As the story progresses, we gradually see a different side to him, until as the book nears its end, we have lost all sympathy and in fact begin to wish that he may get his comeuppance.
While many books show a villain become a hero, in this case the hero becomes a villain: the heroes are his long-suffering parents, his siblings and his teachers. Of course, this is a tribute to the careful way the story is written and the author's slow progress in getting his reader to dislike him.
Though he tries to explain what it was like to be a teenager in the outer edge of a big city, at no stage does he attempt to excuse his conduct.
At times, his honesty and self-criticism are almost painful, all the more so because it is not his nature and certainly not his upbringing. The book finishes long before his time with the ABC.

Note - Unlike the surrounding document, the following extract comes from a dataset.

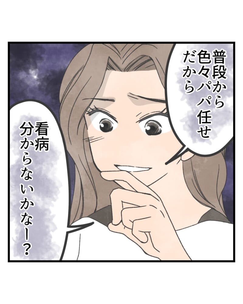 <広告> 「パパ任せだから分からない?」笑う3児ママ…直後、高熱の娘を診た先生の表情が変わる【そのアドバイス誰のためですか?#14】by りんりん ‹ 前の話 一覧 りんりん ‹12› 2026/04/29 <広告> ‹12› 【そのアドバイス誰のためですか?】 ▶ 他の話も読む ★フォローしてりんりんさんの最新記事をチェック! ‹ 前の話 一覧 作者: りんりん > 作者ページ > SNS りんりんさんの電子書籍 そのアドバイス誰のためですか? 看病センスゼロ夫との攻防 りんりんさんの他のシリーズを読む 看病センスゼロ夫との攻防 ママ, ママ友, 働くママ そのアドバイス誰のためですか?, りんりん <広告> 本記事は個人的体験談などに基づいて作成されており、脚色なども加えられている場合もあり、必ずしも各読者の状況にあてはまるとは限りません。この記事の情報を用いて行動される場合、ご自身の責任と判断により対応いただけますようお願い致します。 尚、記事に不適切な内容が含まれている場合はこちらからご連絡ください。 関連記事 関連記事: 「私のほうが気疲れしてる」ゲーム三昧の時短妻に、夫が切り出した提案は【未熟な夫婦の不協和音 #33】 by ぴん 関連記事: 「人として教えなおす!」ワンオペ限界で義母に泣きつくと…翌日、帰宅した夫に激震【私の義母が神すぎる! #14】 by 尾持トモ 関連記事: 「産婦人科に行くなんて言えない…」彼に知られたくない理由とは【16歳、命と向き合うとき #43】by ふくふく 関連記事: 「お金を貯めて離婚したい…」夫に限界の妻、復帰連絡で副院長から“想定外の打診”【専業主婦だけど、食い尽くし夫と離婚します #16】 by しろみ 関連記事: 「老眼だろ、お茶淹れろ」ナメた社員の命令に年配パートが黙って出した“お茶の正体”【自称・いい男の恋活♡事情 #5】by ちゅん 関連記事: 慌ただしい三つ子の入院。ふと気が付いた”あること”【まさかの三つ子入院⑥】 by ちょここ 関連記事: 言い放ってしまった禁断の言葉【1歳半健診の憂鬱③~保健師さんとのお話~】 by ポンコツママ 関連記事: 謝罪訪問で相手のママから言われた言葉は…【まさか我が子が加害者に!?ママ友とのトラブル話③】 by つきママ 関連記事: 「私が何かしたのなら謝る」と伝えると...「法務教官になりたかった」第4話-さよならの理由① by koto 関連記事: 『凶器』滑り台で子供の代わりに滑ってきたものは…【こんなはずでは系育児】第11話-穴が空いた② by chiiko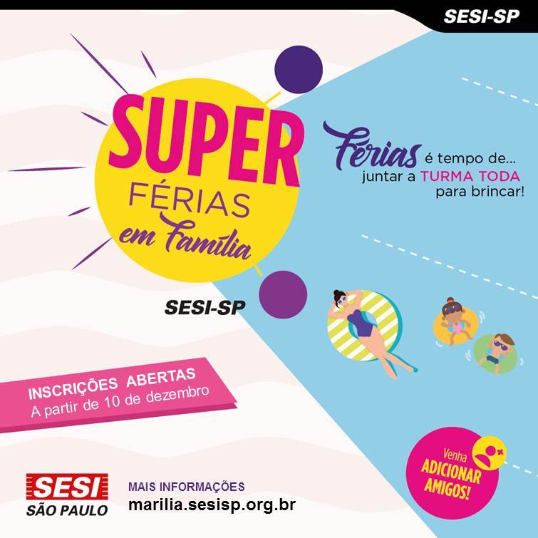 Em Marília, a programação do Super Férias em Família começa na segunda-feira (dia 7) e prossegue até 31 de janeiro, das 13h às 17h, de segunda a sexta. No dia 26 de janeiro (sábado) das 9h às 16h acontece o Camping Super Férias.

PK was a gifted footballer with good adult role models and excellent coaches. His ambition was to be drafted to an AFL team and although he played two games with the St Kilda reserves, by the time he got to show his stuff, he was suffering from the effects of many long weekends of carousing.
It never occurred to this reviewer that, when a teacher in a school where football was big, his senior students might have been sitting in his class on a Monday morning after the kinds of weekend roistering described here. In the end, things were so bad that PK was expelled from his school and had to sit his VCE in another school.
The other story covered in the book is the murder of two schoolgirls and a 22-year-old woman by a serial killer in the Frankston area in the middle of PK's final year of school.
The killer's name is not given in the book, a small tribute to the families of the dead girls who are trying to have his release in 2023 stopped, an action which is supported by the author.
At times annoying, but always honest, the question is whether this book should be required reading for parents of teenagers or whether it would be better for their comfort to have it hidden out of sight.